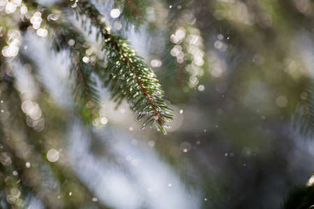 Spring, nature wallpaper. Young spruce branch close-up. Raindrops sparkle on the pine needles in the sun. A tree or bush. Blurred background.
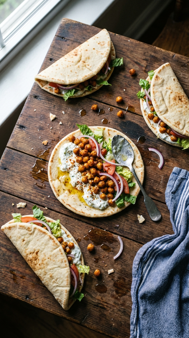 In addition to the spiced chickpeas, you should add lettuce, tomatoes, and red onions to the pita for a fresh and crunchy contrast.
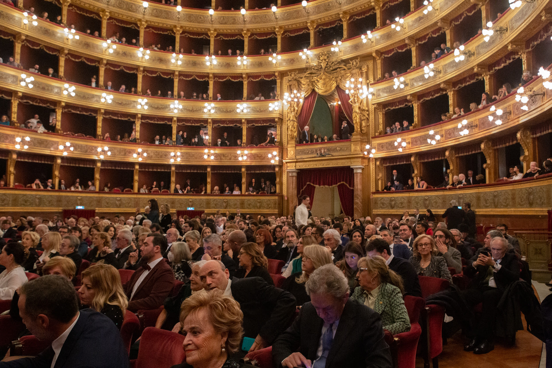 Comincia con una dedica commossa del sovrintendente Marco Betta alla memoria del Maestro Claudio Abbado, la serata che ha visto il ritorno sul palco del Teatro Massimo di Palermo, dopo aver girato il mondo, di Rigoletto, l’allestimento del melodramma di Verdi diretto nel 2018 da John Turturro e realizzato dal Massimo in coproduzione con il Teatro Regio di Torino, l’Opéra Royal di Liègi e la Shaanxi Opera House cinese. Un ritorno accompagnato da applausi a scena aperta e bis reclamati a gran voce che ha visto sul podio uno dei più grandi direttori della scena internazionale, il Maestro Daniel Oren, calamitare l’attenzione del pubblico con la sua appassionata e trascinante direzione dell’Orchestra del Teatro Massimo. Dieci minuti di applausi per gli interpreti: dal baritono mongolo Amartuvshin Enkhbat, già indimenticabile Rigoletto nel 2018, al soprano Giuliana Gianfaldoni, applauditissima Gilda, che insieme a Enkhbat ha regalato al pubblico il bis di “sì, vendetta, tremenda vendetta”, al tenore peruviano Ivan Ayon Rivas, nel ruolo del Duca di Mantova, e per la regia dell’opera, ripresa dalla giovane e affermata regista Cecilia Ligorio, che aveva già affiancato Turturro nell’allestimento di cinque anni fa. Di livello tutto il cast che ha visto negli altri ruoli Agostina Smimmero (Giovanna); Aleksei Kulagin (Sparafucile); Valeria Girardello (Maddalena); Massimiliano Chiarolla (Borsa); Alessio Verna (Marullo); Italo Proferisce (Ceprano); Nicolò Ceriani (Monterone); Emanuela Sgarlata (Contessa di Ceprano/Paggio); Enrico Cossutta e Federico Cucinotta (Usciere di corte). Le scene, di grande impatto e accuratezza sono di Francesco Frigeri, i costumi sontuosi sono firmati da Marco Piemontese, le luci di Alessandro Carletti sono riprese da Ludovico Gobbi, mentre la coreografia è di Giuseppe Bonanno. Orchestra, Coro e Corpo di ballo del Teatro Massimo, Maestro del Coro Salvatore Punturo, direttore del Corpo di Ballo Jean-Sébastien Colau. Le repliche dell’opera, in scena fino al 28 gennaio, vedranno nel cast alternativo il baritono ispano-americano Daniel Luis De Vicente nel ruolo del titolo, il tenore Ioan Hotea, di ritorno a Palermo dopo I Capuleti e i Montecchi, in quello del Duca di Mantova, mentre Gilda è il soprano palermitano Federica Guida che torna sul palcoscenico del Massimo dopo il successo come Musetta nella Bohème dell’anno scorso.
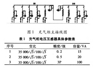 變電站位于高原地區(qū),海拔2100m。變電站選用某公司出產的35kV中壓充氣柜。主接線如圖1所示,其間電壓互感器型號為JDZx-35(ABC),具體參數如表1
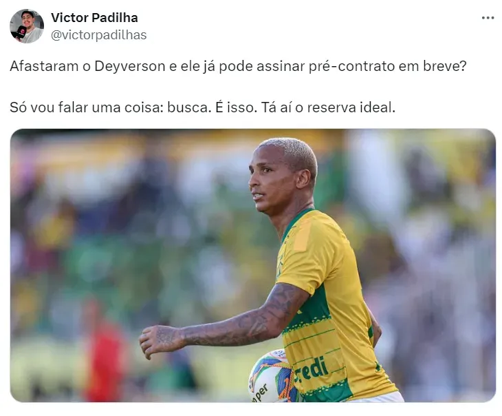 “Nesse momento precisamos de jogadores comprometidos com o clube, independente de estarem participando ou não efetivamente dos jogos”, informou a nota, afirmando que Deyverson seguirá os treinos com os não relacionados.
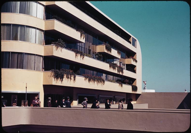 [Petroleum Industries Buidling with a model of an oil derrick.]
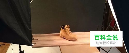 背景方面在背景架上挂上一张黑色背景纸,目的是减少不必要的反光,然后在桌上拍摄。而本来打算把鞋放在长形木板上拍摄,但无奈准备时发生一点意外未能找到合适道具,故在影楼中找来多条长形木条拼在一起。(所以说随机应变都是摄影师的技能之一)

# Exercise objective
Take the material above from its first line through the line holding "In addition to" and set it down exactly, without the pictures.

# Exercise output
 Spring, nature wallpaper. Young spruce branch close-up. Raindrops sparkle on the pine needles in the sun. A tree or bush. Blurred background.
 In addition to the spiced chickpeas, you should add lettuce, tomatoes, and red onions to the pita for a fresh and crunchy contrast.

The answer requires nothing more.